I am going through the exact same thing and I am 42.
The difference is that I am some sort of Buck Rogers* of Code. I started programming when I was 12 and continued up to my graduation in engineering. I started with BASIC on an Apple II, took Pascal, Fortran, Clipper, SQL and mostly C. Wrote complex software such as Compilers, interpreters, etc... But that was before the widespread of GUI, objects, and server/client internet apps. Then my career took a different direction. Now, some 20 years later, for fun, here I am trying to start over.
Like you, I want to write stuff that works on the devices I use, my iPad, iPhone, Mac and PC. But which language? Where to start?
I am finding it extremely difficult! Today is a lot more complex. To write a interactive web page you need to use at least 3 languages (Javascript, Html, and CSS) and make them interact together. How come this mess came out to be is a mystery...
What I did and found so far...
Languages are all very much alike. They have really some few 30-50 commands and a few syntax rules to learn. It is all about loops, variables, functions, If-then-else logical decisions. Amazingly, languages haven't evolved much since C. I may be wrong, but I can't see what objects can do that functions alone couldn't.
I found that more important than choosing the language is choosing the Framework. Sure, one is related to the other as each framework is really just a package of objects and code to easy your job in working with buttons, forms, grids, i/o, file, servers and objects on the screen. In today's world, you can't really do much with only standard C. It is not practical.

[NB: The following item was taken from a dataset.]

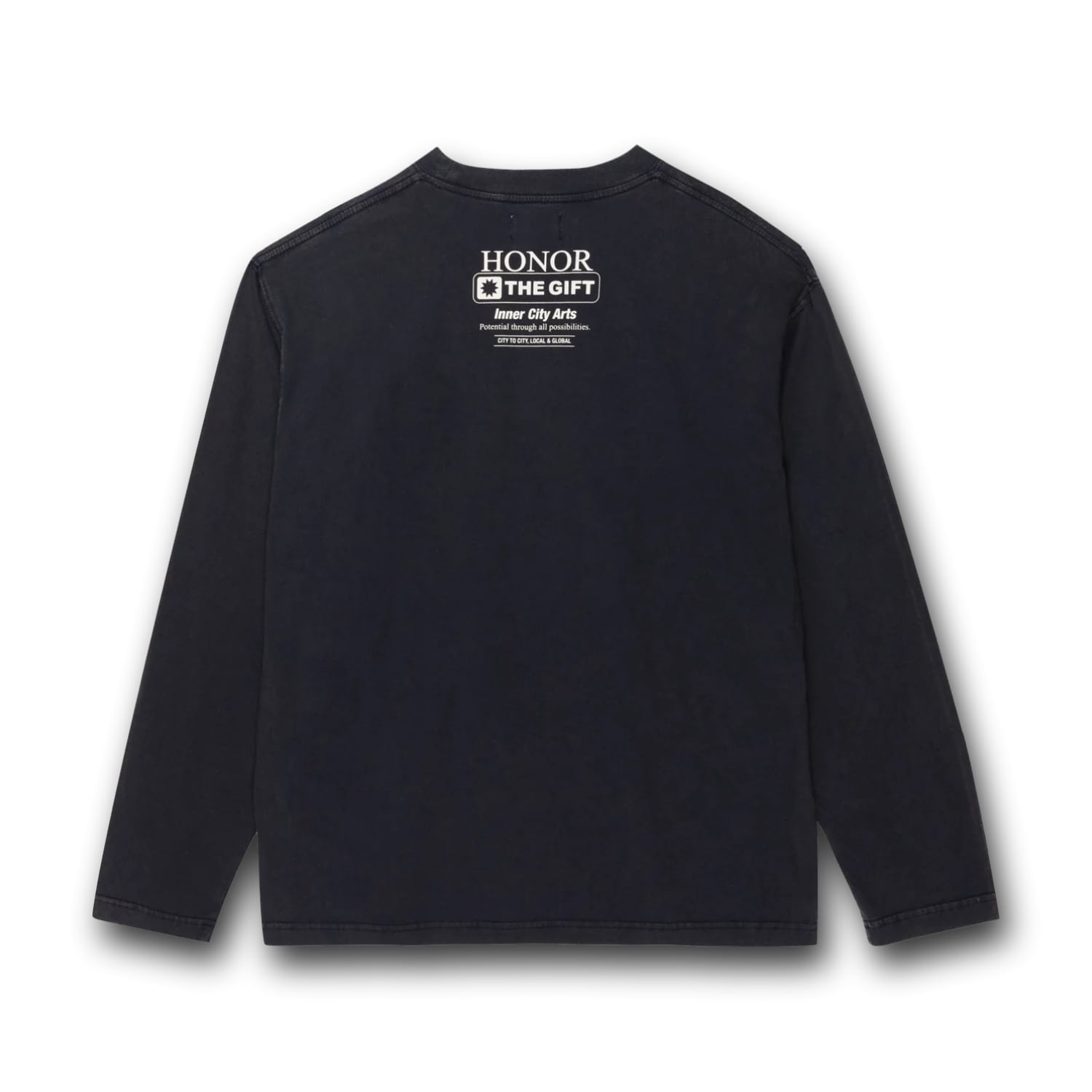 ウォッシュ加工が施されたロングスリーブTシャツ。

The problem is that most frameworks are OS / device related. Learning Object C will likely force you to develop to iOS OSX only. Even Java today, once seen as a language for all platforms, is more and more going into the direction of having the same fate of Flash.

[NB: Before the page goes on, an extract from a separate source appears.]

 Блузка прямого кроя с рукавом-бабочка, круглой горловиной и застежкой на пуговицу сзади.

While languages are mostly similar, once having learned one, you can easily jump to another without much effort. The core is similar. Frameworks, on the other range, are a almost infinite series of new objects. You need to invest a lot of time learning them. At the end of the day, these objects behave like new commands added to the initial language core.
I finally decided to go to jQuery, javascript path. Javascript frameworks like jQuery have eased the HTML,CSS interaction mess. Besides, Web apps can run anywhere without plugins. Ajax seems to be fulfilling the promise Java seemed to have lost.
There's plenty of jQuery and Javascript dummies books out there.
*Buck Rogers is the character that was frozen in the 80's only to wake up few centuries later and find a completely different world.